• Fri
  • Nov 28, 2014
  • Updated: 1:47pm

From start to finish, Fownes forces rivals to play catch-up

PUBLISHED : Wednesday, 04 July, 2007, 12:00am
UPDATED : Wednesday, 04 July, 2007, 12:00am

If they were betting on the trainers' premiership at this time last year, the quinella of Caspar Fownes and Paul O'Sullivan would have been at decent odds because of the John Size factor. The champion Australian horseman had been in Hong Kong just five seasons for four championships and runner-up to Tony Cruz in his record 2004-05 term.


But Size endured the quietest of his six terms to wind up in ninth place with 32 winners - his previous worst was 50 - and his 2006 rival, John Moore, was beset with a series of setbacks to the health of the team.


In contrast, Fownes, in his fourth term since being licensed in 2003, hit the ground running, winding up with 61 winners.


O'Sullivan was really the only possible rival for Fownes from a long way out but, in the same way that Douglas Whyte proved too strong in the jockeys' title chase, Fownes ruthlessly edged clear and rammed home the advantage in the closing meetings.


Ultimately, the difference between the pair was the way they handled the city circuit at Happy Valley.

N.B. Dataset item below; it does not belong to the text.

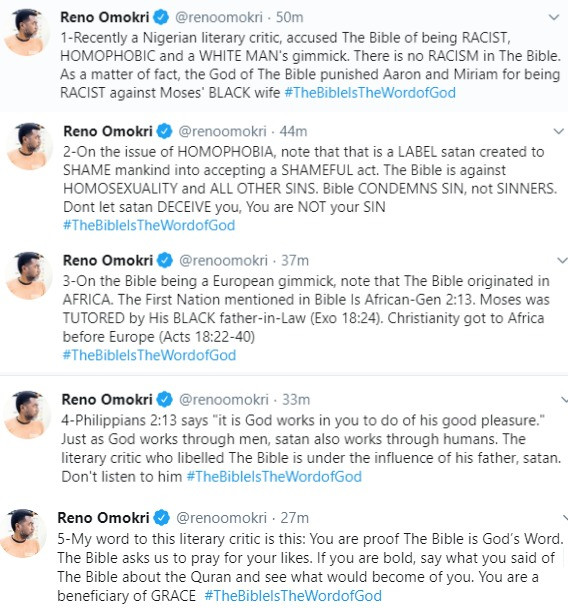 Reacting to Ikhide’s post, Reno via his Twitter handle, said the literary critic is under the influence of his father, Satan. According to Omokri, Ikhide should say the same things he said about the bible, about the Quaran and see what happens to him.

For Fownes, it was the foundation of his championship, winning 33 races on the idiosyncratic track at a strike rate of 17 per cent.


If that was where Fownes won the title it was also where O'Sullivan lost it, winning just six races at Happy Valley from 114 runners (5.3 per cent), though two of his 'winners' had it taken off them on protest in the stewards room. However, at Sha Tin, O'Sullivan was supreme.


He trained 46 winners from 287 starts at a strike rate of 16 per cent, putting Fownes (28 from 402, SR 7 per cent) in the shade.


When O'Sullivan reflects on a great season and on how he might improve next term, his approach to Happy Valley must be at the forefront of his thinking.


With only 114 starters on the island course, O'Sullivan seems to be deliberately avoiding Happy Valley in favour of the wide, open spaces at Sha Tin and it will have to be a policy he revisits if he wants to become number one.


Tony Cruz, who finished third to Size and Moore in 2006, maintained that position on the ladder, despite training 10 winners fewer. However, it was very much a building year for Cruz, highlighted by his late-term win with exciting private purchases like Royal Prince, Helene Brilliant, Survey Survey and Leading Ahead.


Dennis Yip Chor-hong had another solid and admirable year, with perhaps his signature horse being Down Town, a former West Australian racer who went through most of the season and competed from 1,000 to 2,000m. Yip also had the most runners of any trainer (590), although it was in dispute until the last meeting with Fownes starting 588.


Almond Lee Yee-tat was the big improver, from 27 winners and 11th place in 2006 to 44 winners and fifth place this term, vindicating all the confidence placed in him by his former boss, two-time champion David Hayes.


Moore had a quiet term by his championship standard, finishing sixth with 40 wins, but he got the money when it counted and completed the term as leading trainer by prize money once again, with the barn earning HK$63.92 million.


The Mr Consistency award goes to Ricky Yiu Poon-fie, whose small team reaped 24 wins - but it was achieved from just 181 runners, at a benchmark-setting strike rate of 13.3 per cent.